Task:
Each record must be written out again exactly. Skip any picture it contains.

Input material:

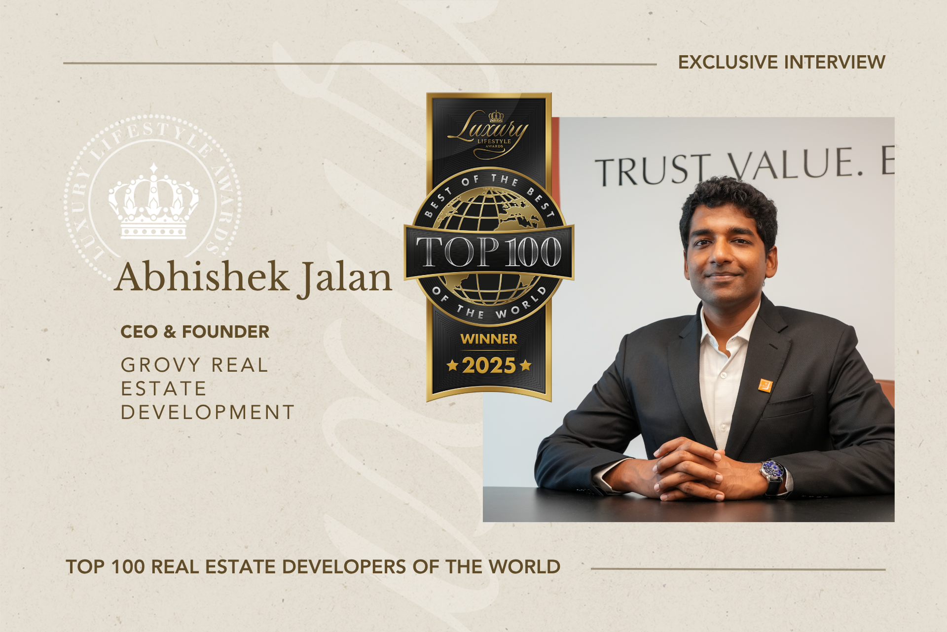 In this exclusive interview led by Alexander Chetchikov, President of the World Luxury Chamber of Commerce, Abhishek Jalan, CEO and Founder of Grovy Developers, recently recognized among the TOP 100 Real Estate Developers of the World by the Luxury Lifestyle Awards, shares insights on the company’s philosophy, innovations, and approach to luxury real estate.
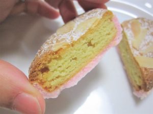 お餅でできてる最中だからこそ淡いピンク色が出せて、しかも中のアーモンドクリーム生地とは全然違った食感を出せて・・・うーん、思いついたその発想がすごすぎる!
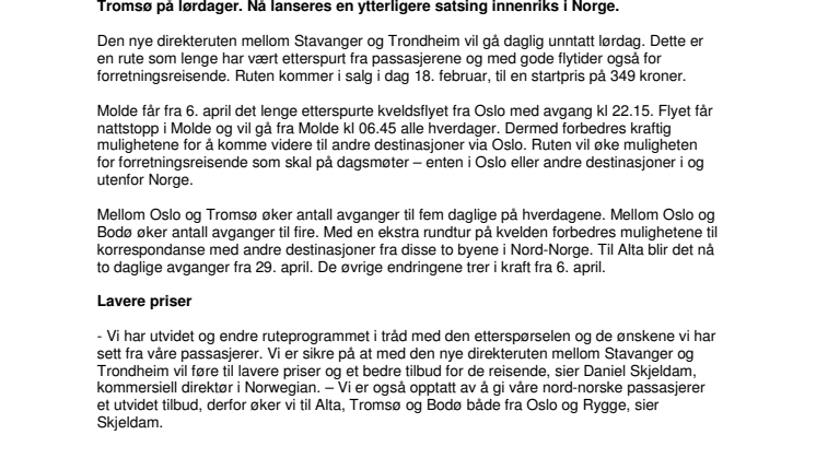 • Norwegian med 48 nye avganger i uken - ny direkterute Stavanger - Trondheim
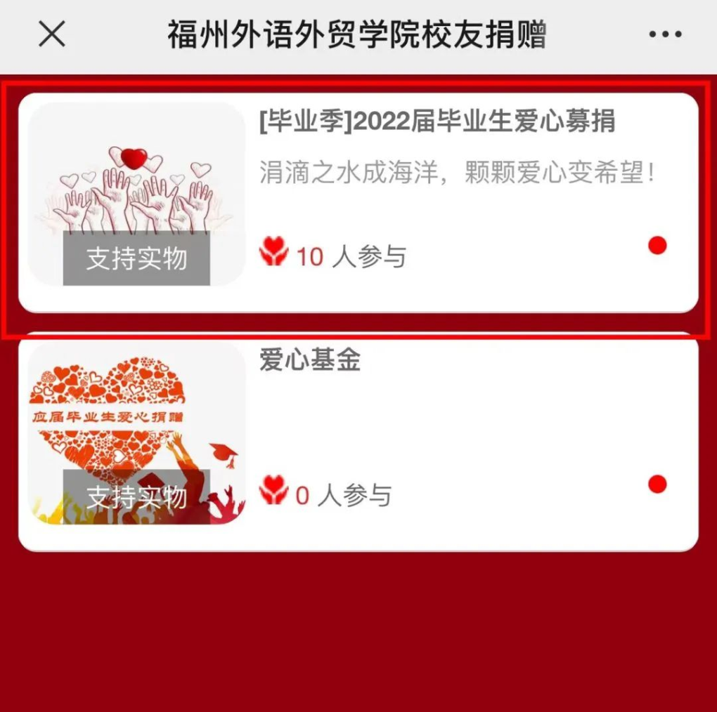 进入页面选择“微信捐赠”或“实物捐赠”
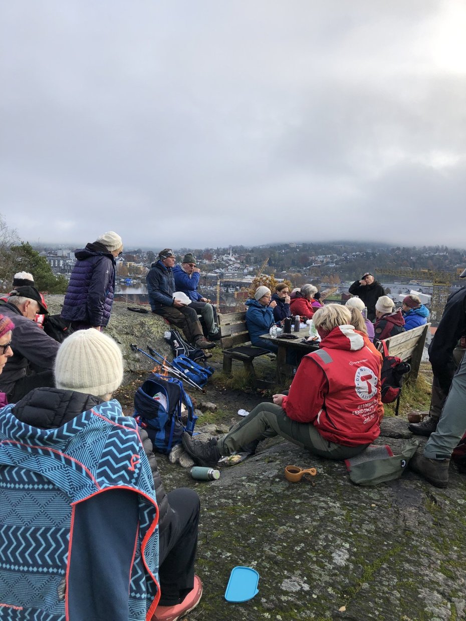 Onsdag 8/11 kom med tåke som en start på dagen. Innen vi var i gang med tur kom sola og ble med oss hele veien. Veien i dag gikk fra Rugtvedtbakken etter at vi hadde kjørt fra Skagerak. Tellekorpset kom til 53 deltakere som vandret avgårde med turleder Yngve foran. Et lite stykke asfalt før vi kom inn i boligområdet og videre på jorder og skog før vi kom til det fineste område ved Kverndammen med gapahuk og tipier. Men vi må gå videre. Over demningen bar det oppover mot Frydentopp som ble dagens mål og bål og mat! Her er det fin utsikt mot by og fjord, samt den hvite porselens kirka som det engang var heftig diskusjon om var bra eller dårlig. Tror diskusjonen har stilnet. En turgåer sluttet seg til turen så dagens endelige antall ble 54! Marit orienterte om neste ukes tur til Galtetjern og minnet om oppmøte Skagerak og om brodder, i hvert fall i sekken.
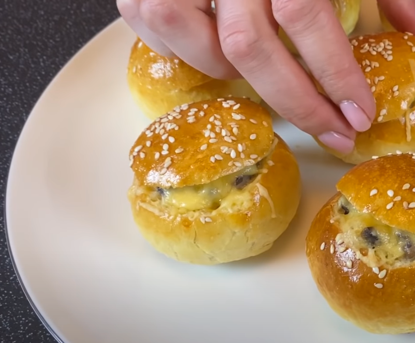 - У булочки срезать верхушку, достать сердцевину. Начинить грибами, сверху посыпать сыром.
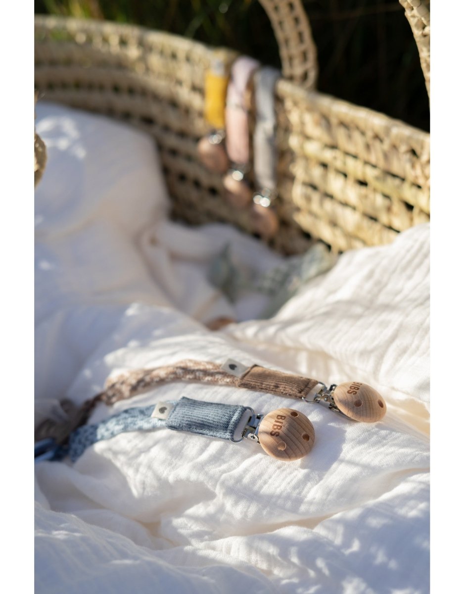 Det nickelfria metallclipset gör det enkelt att fästa nappsnöret på barnets kläder eller haklapp.

Written solution:
 In this exclusive interview led by Alexander Chetchikov, President of the World Luxury Chamber of Commerce, Abhishek Jalan, CEO and Founder of Grovy Developers, recently recognized among the TOP 100 Real Estate Developers of the World by the Luxury Lifestyle Awards, shares insights on the company’s philosophy, innovations, and approach to luxury real estate.
 お餅でできてる最中だからこそ淡いピンク色が出せて、しかも中のアーモンドクリーム生地とは全然違った食感を出せて・・・うーん、思いついたその発想がすごすぎる!
 • Norwegian med 48 nye avganger i uken - ny direkterute Stavanger - Trondheim
 进入页面选择“微信捐赠”或“实物捐赠”
 Onsdag 8/11 kom med tåke som en start på dagen. Innen vi var i gang med tur kom sola og ble med oss hele veien. Veien i dag gikk fra Rugtvedtbakken etter at vi hadde kjørt fra Skagerak. Tellekorpset kom til 53 deltakere som vandret avgårde med turleder Yngve foran. Et lite stykke asfalt før vi kom inn i boligområdet og videre på jorder og skog før vi kom til det fineste område ved Kverndammen med gapahuk og tipier. Men vi må gå videre. Over demningen bar det oppover mot Frydentopp som ble dagens mål og bål og mat! Her er det fin utsikt mot by og fjord, samt den hvite porselens kirka som det engang var heftig diskusjon om var bra eller dårlig. Tror diskusjonen har stilnet. En turgåer sluttet seg til turen så dagens endelige antall ble 54! Marit orienterte om neste ukes tur til Galtetjern og minnet om oppmøte Skagerak og om brodder, i hvert fall i sekken.
 - У булочки срезать верхушку, достать сердцевину. Начинить грибами, сверху посыпать сыром.
 Det nickelfria metallclipset gör det enkelt att fästa nappsnöret på barnets kläder eller haklapp.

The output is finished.